Considérant que la cour n’a pas commis d’erreur de droit en jugeant que la mise à l’isolement est au nombre des décisions qui doivent être motivées en application de l’article premier de la loi du 11 juillet 1979 ; qu’en estimant que la décision attaquée n’était pas suffisamment motivée, la cour administrative d’appel de Paris s’est livrée à une appréciation souveraine qui, en l’absence de dénaturation, ne peut être contestée devant le juge de cassation ;

Considérant qu’il résulte de ce qui précède que le Garde des sceaux, ministre de la Justice n’est pas fondé à demander l’annulation de l’arrêt attaqué ;

Considérant qu’il y a lieu, dans les circonstances de l’espèce, de condamner l’Etat à payer à M. Remli la somme de 2 300 euros qu’il demande au titre de l’article L. 761-1 du code de justice administrative ; »

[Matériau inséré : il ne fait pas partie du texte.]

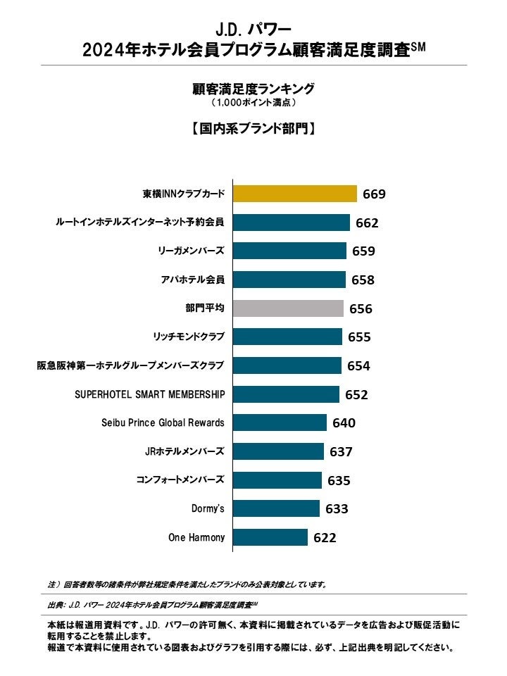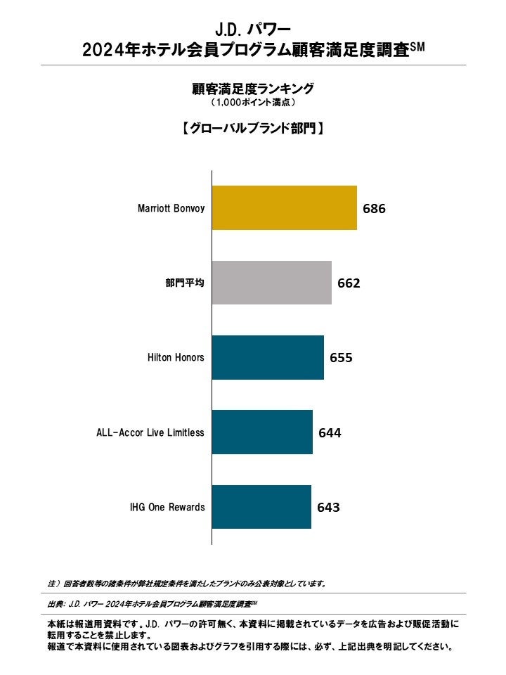 *³「J.D. パワー2024年ホテル宿泊客満足度調査」の対象ホテルグループ・チェーン(統一ブランド名で国内に1,500室以上展開しているブランド)が運営展開するホテル会員プログラム。複数ブランドが含まれるプログラムの場合、少なくとも1ブランド以上は国内で1,500室以上展開していることとする。

d) Les instructions du 18 avril 2003 concernant le renforcement des mesures de sécurité lors du placement de détenus dangereux sous le régime de l’isolement

57.  Par ces instructions, le ministre de la Justice appelait l’attention des services pénitentiaires sur ce qui suit :

« A la suite des incidents récents survenus dans les établissements pénitentiaires, je considère indispensable de rappeler et préciser les termes de la circulaire citée en référence [à savoir note no 000702 du 14 décembre 1998] en ce qui concerne les mesures de sécurité à mettre en œuvre au sein des quartiers d’isolement hébergeant des détenus dangereux.

1. en ce qui concerne le régime de détention applicable aux détenus isolés :

Il appartient au chef d’établissement d’apprécier la dangerosité des détenus placés sous le régime de l’isolement. Il dispose à cet effet de plusieurs sources d’informations (...).

Lorsqu’un détenu est identifié comme dangereux en raison notamment de son appartenance au grand banditisme ou à une mouvance terroriste ou de son passé judiciaire et pénitentiaire, il convient de prendre des dispositions particulières pendant la durée de son séjour à l’isolement.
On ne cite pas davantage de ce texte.